### TRY IT
Would you repeat the listing exactly but omit every picture?

### INFORMATION SUPPLIED

•••••

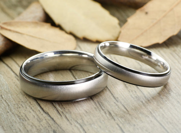 Black Any US UK Size Handmade Groom&Bride His and Her Wedding Engagement Anniversary Titanium Couple Rings Set Court Shape - jringstudio
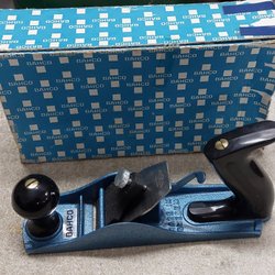 Hyvel från Bahco. Verktyget är utformat för att forma och jämna till träytor. Hyvelstålet behöver slipas om(se bild).
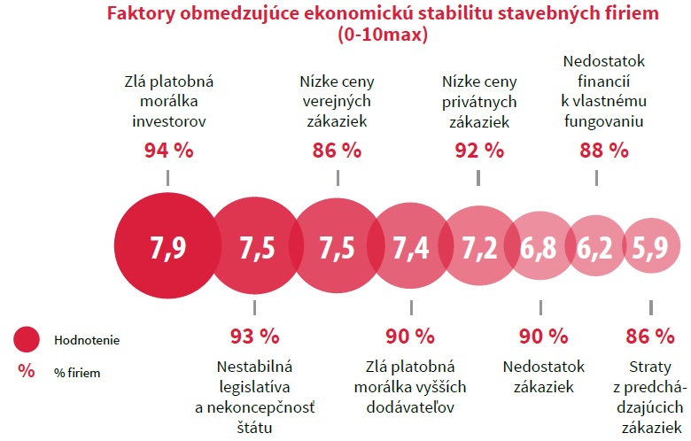 „Zlá platobná morálka zadávateľov stavebných prác v kombinácii so zložitou vymožiteľnosťou práva je pre mnoho firiem smrtiaca kombinácia. V mnohých prípadoch už nepomáhajú ani prísľuby ďalších zákaziek a niektorí subdodávatelia odmietajú dodávať i tým najväčším firmám bez zaistenia úhrady vopred. Im samotným totiž už kriticky chýbajú peniaze na mzdy zamestnancov, či úhrady dodávateľom materiálu, bez ktorých nie sú schopni fungovať,“ približuje aktuálnu situáciu na trhu Jiří Vacek, riaditeľ analytickej spoločnosti CEEC Research. To potvrdzuje i Magdaléna Dobišová, generálna riaditeľka spoločnosti Skanska SK: „Hlavným problémom je platobná morálka, a to tak investorov, ako aj dodávateľov navzájom.“ Rovnako to vidí i výkonný riaditeľ spoločnosti Ramirent, ktorá zaisťuje pre stavebné firmy požičiavanie techniky a mechanizácie, Libor Taglicht: „Platobná morálka je bohužiaľ úplne tristná. Najsmutnejšie na tomto nenormálnom stave je, že ho drvivá väčšina dlžníkov považuje za normálny. Skúste kontaktovať vášho dlžníka 2 týždne po splatnosti faktúry. Odpoveďou Vám nebudú ospravedlnenia a pravdivé ubezpečenie o práve uskutočnenej platbe. Skôr si vypočujete vyhrážanie, že prerušia Vašu vzájomnú spoluprácu a neustále opakovanie, že je to „ predsa úplne normálne.“
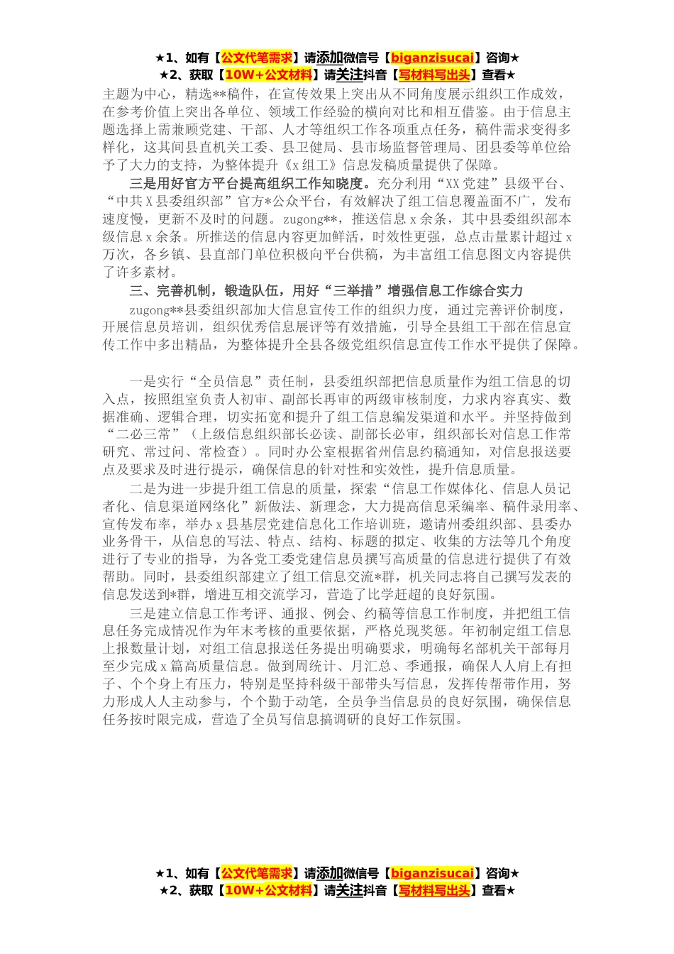 ★1、如有【公文代笔需求】请添加微信号【biganzisucai】咨询★★2、获取【10W+公文材料】请关注抖音【写材料写出头】查看★zugong**,X县认真贯彻落实新时代党的建设总要求和党的组织路线,紧紧围绕县委中心工作和组织工作重点任务,笔耕不辍,坚持记录全县组织系统亮点工作,提炼总结实践工作中的经验做法,为全面推进我县组织工作的提档升级,努力开创新时代党的建设和组织工作新局面发挥了重要作用。一年来,在州委组织部的坚强领导下,在全县各级党组织和广大党员干部人才的共同努力下,全年县本级信息载体编发稿件X多篇,XX组工网采用x条次,XX组工、XX日报、XX头条以及*网、乡村干部报等等平台、网站、报刊采用x多条次,保持了*组织系统信息宣传工作的靠前位次。一、围绕中心,突出主题,用好“三面镜”丰...

•••••

### SOLUTION TO THIS TASK
 Black Any US UK Size Handmade Groom&Bride His and Her Wedding Engagement Anniversary Titanium Couple Rings Set Court Shape - jringstudio
 Hyvel från Bahco. Verktyget är utformat för att forma och jämna till träytor. Hyvelstålet behöver slipas om(se bild).
 „Zlá platobná morálka zadávateľov stavebných prác v kombinácii so zložitou vymožiteľnosťou práva je pre mnoho firiem smrtiaca kombinácia. V mnohých prípadoch už nepomáhajú ani prísľuby ďalších zákaziek a niektorí subdodávatelia odmietajú dodávať i tým najväčším firmám bez zaistenia úhrady vopred. Im samotným totiž už kriticky chýbajú peniaze na mzdy zamestnancov, či úhrady dodávateľom materiálu, bez ktorých nie sú schopni fungovať,“ približuje aktuálnu situáciu na trhu Jiří Vacek, riaditeľ analytickej spoločnosti CEEC Research. To potvrdzuje i Magdaléna Dobišová, generálna riaditeľka spoločnosti Skanska SK: „Hlavným problémom je platobná morálka, a to tak investorov, ako aj dodávateľov navzájom.“ Rovnako to vidí i výkonný riaditeľ spoločnosti Ramirent, ktorá zaisťuje pre stavebné firmy požičiavanie techniky a mechanizácie, Libor Taglicht: „Platobná morálka je bohužiaľ úplne tristná. Najsmutnejšie na tomto nenormálnom stave je, že ho drvivá väčšina dlžníkov považuje za normálny. Skúste kontaktovať vášho dlžníka 2 týždne po splatnosti faktúry. Odpoveďou Vám nebudú ospravedlnenia a pravdivé ubezpečenie o práve uskutočnenej platbe. Skôr si vypočujete vyhrážanie, že prerušia Vašu vzájomnú spoluprácu a neustále opakovanie, že je to „ predsa úplne normálne.“
 ★1、如有【公文代笔需求】请添加微信号【biganzisucai】咨询★★2、获取【10W+公文材料】请关注抖音【写材料写出头】查看★zugong**,X县认真贯彻落实新时代党的建设总要求和党的组织路线,紧紧围绕县委中心工作和组织工作重点任务,笔耕不辍,坚持记录全县组织系统亮点工作,提炼总结实践工作中的经验做法,为全面推进我县组织工作的提档升级,努力开创新时代党的建设和组织工作新局面发挥了重要作用。一年来,在州委组织部的坚强领导下,在全县各级党组织和广大党员干部人才的共同努力下,全年县本级信息载体编发稿件X多篇,XX组工网采用x条次,XX组工、XX日报、XX头条以及*网、乡村干部报等等平台、网站、报刊采用x多条次,保持了*组织系统信息宣传工作的靠前位次。一、围绕中心,突出主题,用好“三面镜”丰...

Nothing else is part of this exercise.